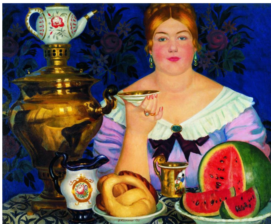
16. Кустодиев Б.М. Купчиха. Холст. Масло. 1923 год.
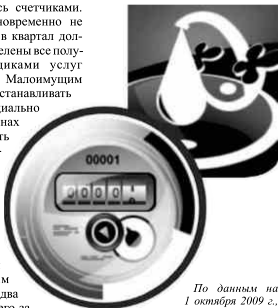
По данным на 1 октября 2009 г., совокупная задолженность за услуги ЖКХ в РФ составляла 333 млрд рублей.

В то же время остается норма, по которой жильцы могут не платить за некачественные услуги вроде чуть теплой воды или холодных батарей. Зафиксировать брак можно будет специальным актом, подписанным свидетелями.
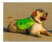
Leticia le chouchoo, réformé adopté par des connaissances
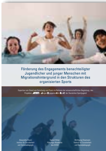
Expertise: Förderung des Engagements benachteiligter Jugendlicher und junger Menschen mit Migrationshintergrund
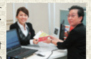
パスポート交付で独自の取組が評価されている「コア・よか」
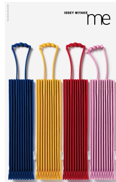
商品 (TRUNK PLEATS BAG)

日本空港ビルディング株式会社は2019年4月3日(水)、成田国際空港第2ターミナル本館4階ロビーエリアに「me ISSEY MIYAKE」をオープンします。同ブランドの空港出店は、常設店としては世界初となります。
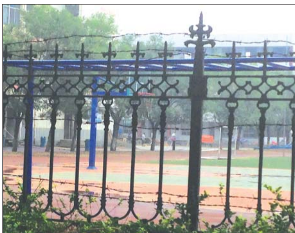
东岳中学北校正在施工,暂不对外开放,市民可去东岳中学南校区锻炼。

高新区一中和省庄一中也均对外开放,但在这两所学校活动的周边居民并不多。省庄镇一位居民说,在乡镇,大家对体育活动不是太喜欢,忙着上班一般都没时间去学校锻炼。
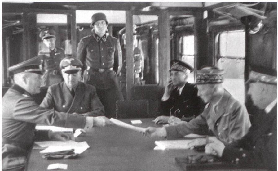
22. Juni 1940, im Salonwagen: Feldmarschall Keitel überreicht den geschlagenen Franzosen den Vertrag zum Waffenstillstand (unscharfes historisches Bild).
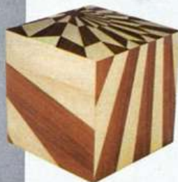
Cube de rangement Tectonic Silence Cube, Rue Monsieur Paris.

Ces assemblages de bois précieux ont longtemps fait la réputation de l'ébénisterie à la française, mais le XX e siècle, le modernisme, les meubles en kit et l'influence pop ont mis en sommeil la marqueterie. Aujourd'hui, cette belle au bois dormant se réveille grâce à de charmants designers... La nouveauté ? Des motifs géométriques, plutôt que naturalistes, et des pièces rehaussées, positionnées à mi-chemin entre le mobilier et les œuvres d'art. C'est le cas chez Ymer & Malta, où les créations inouïes flirtent avec la haute couture ! Une option sylvestre glam à savourer sans modération. D.G.
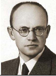
В. Кубійович (1900–1985)
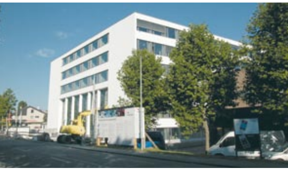
Laborgebäude Actelion Allschwil
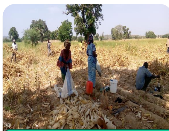
Récolte dans un champ collectif de Maïs
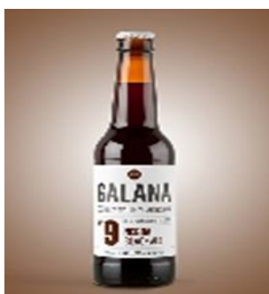
Nº 9 Negra 33cl . Caja 15 und Ref. 0109
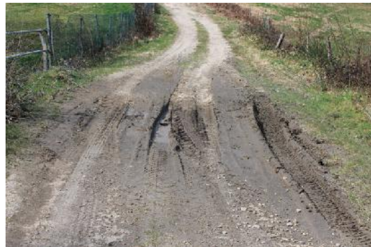
Remate da zona cómoda

O Concello de Cotobade sitúase na estrada PO-233, km 12,5. Case fronte á Casa do Concello, hai un desvío coas indicacións Pozo Negro 2, Rebordelo 1,5. Sobre este indicador hai tres placas de lugares de interese: San Martiño de Rebordelo, San Brais e Praia Fluvial.
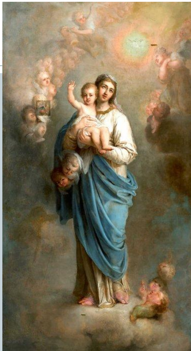
Богоматерь с младенцем

В конце жизни художник больше не писал портретов, а занимался лишь религиозной живописью. Последней его работой был иконостас для церкви на Смоленском кладбище в Петербурге.
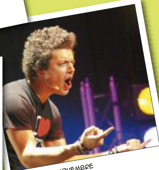
VENDREDI 18 NOVEMBRE SPECTACLE KEV ADAM'S ESPACE AUZON
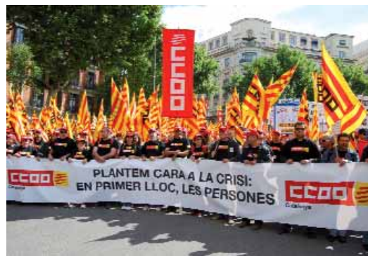
1.800 sindicalistes de CC OO de Catalunya van participar en la manifestació de Madrid

públics. L'Estat del benestar ha de sortir reforçat de la crisi perquè és indispensable per assolir un nivell suficient i necessari de cohesió social. També ho és la protecció del poder adquisitiu de la classe treballadora i la seva participació en els processos de decisió per tal d'assegurar una distribució equitativa de la riquesa que genera el treball. Aquests són els elements que defensa la CES per superar la situació actual, i són també les senyes d'identitat del projecte europeu des dels seus orígens. Europa és un model d'eficiència econòmica, sí, però és també un model de convivència, de solidaritat i d'eficiència social. Per aquesta raó les llibertats del mercat no poden estar per sobre dels drets fonamentals de les persones, i per això el Consell, la Comissió, el Banc Central, el Tribunal de Justícia o el Parlament europeu han de posar en primer lloc la defensa dels drets i interessos de la ciutadania. Per combatre la crisi, però també per fer realitat l'única Europa possible, l'Europa social.
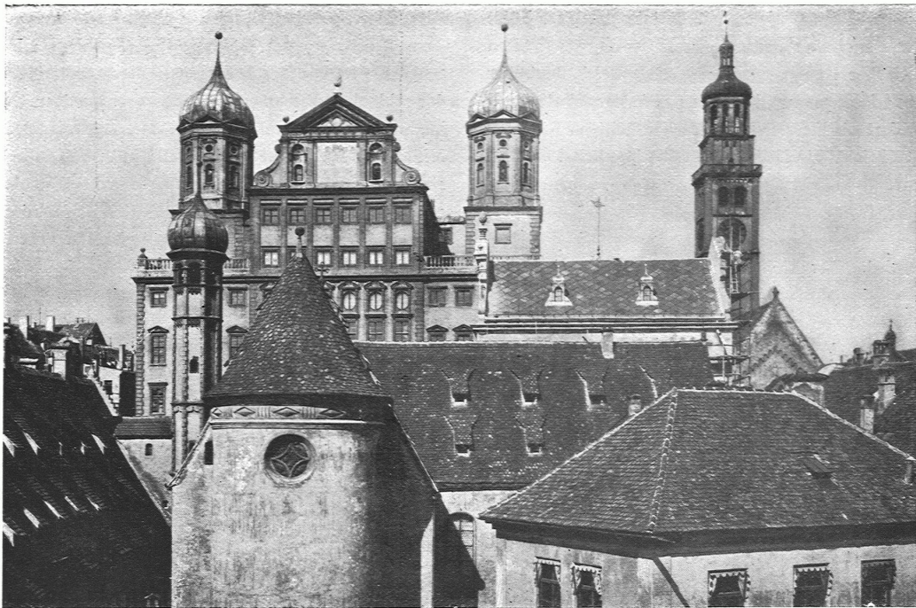
AUGSBURG / RATHAUS UND PERLACHTURM / RÜCKANSICHT
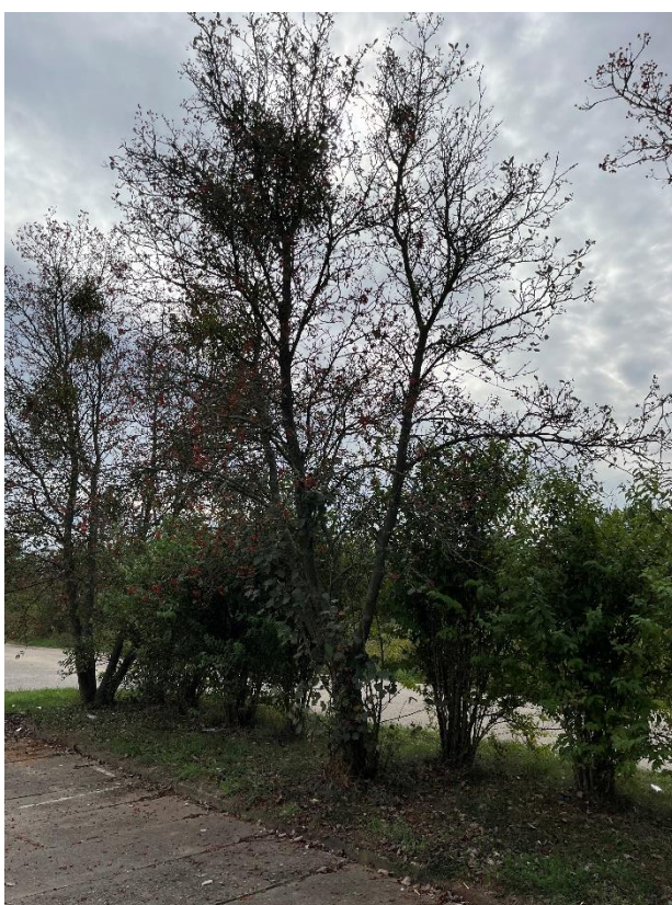
Ryc. 24 Nr inwentaryzacyjny 24, 25, 26

Źródło: Zdjęcie własne, dn. 09.09.2024 r.
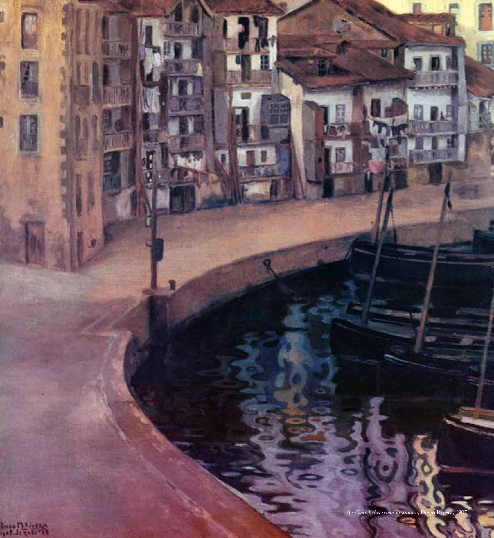
6 - Cuando los remos descansan, Diego Rivera, 1907
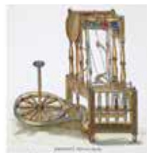
เครื่องจักรไอน้ำ

การพัฒนาของอุตสาหกรรมประเภทอื่น การประดิษฐ์เครื่องจักรไอน้ำและเครื่องจักรประเภทอื่นที่เกิดขึ้นตามมา ทำให้มีความต้องการใช้ แร่เหล็ก ซึ่งเป็นวัสดุสำคัญในการสร้างเครื่องจักรกลเพิ่มมากขึ้น ส่งผลให้เกิดอุตสาหกรรมเหมืองแร่และอุตสาหกรรมถ่านหินซึ่งเป็นพลังงานที่ใช้กันแพร่หลายในคริสต์ศตวรรษที่ ๑๙ เนื่องจากขณะนั้น
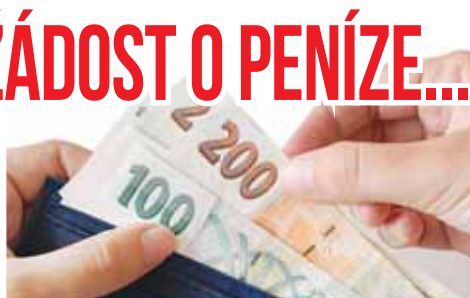
Z bleskového šetření kriminalisty vyplynulo, že „oběť loupeže“ předala zadrženému muži peníze dobrovolně.

Jelikož mělo jít o těžký zločin, do věci se vložili prostějořští kriminalisté. A případ byl bleskově objasněn! „Z důvodu podezření na zvlášť závažný zločin loupeže si své o hodinu později
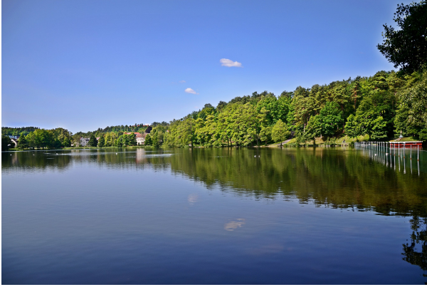
Le paysage du lac

Ramnasjön près de Borås (Amjad Sheikh CC-3.0)
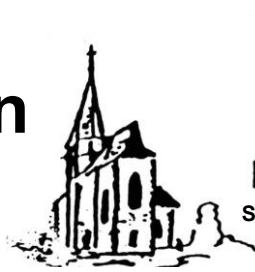
Mariä Geburt Amrichshausen
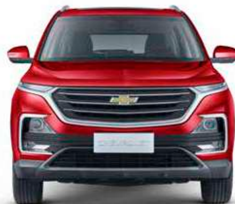
● Rojo Ardiente
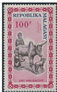
マダガスカル 1964年 100 フラン
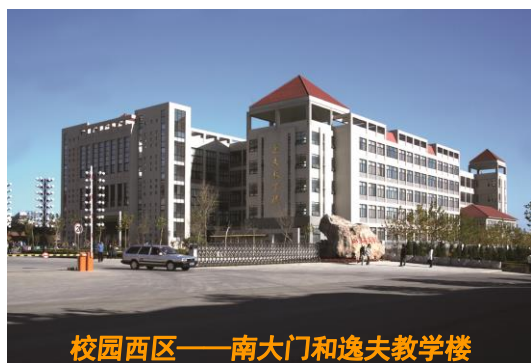
校园西区——南大门和逸夫教学楼

“儒风海运，华彩国商”，学院以“借鉴和引进国外先进的高等教育经验与资源，结合国内高等教育实际，特色办学，服务社会”为办学宗旨，以“面向世界、面向未来、分类培养、全面育人”为教育理念，以“国际化、复合化、专门化”为人才培养定位，在突出“分类培养、全面育人、国际办学”特色的基础上，创新“教学、管理和实践三育人”人才培养模式，为经济社会发展培养品学兼优的应用型国际化专门人才。

# # # # #

● **Required work**
Show every line from the listing above in which the string "loupeže" appears.

● **Answer**
Z bleskového šetření kriminalisty vyplynulo, že „oběť loupeže“ předala zadrženému muži peníze dobrovolně.
Jelikož mělo jít o těžký zločin, do věci se vložili prostějořští kriminalisté. A případ byl bleskově objasněn! „Z důvodu podezření na zvlášť závažný zločin loupeže si své o hodinu později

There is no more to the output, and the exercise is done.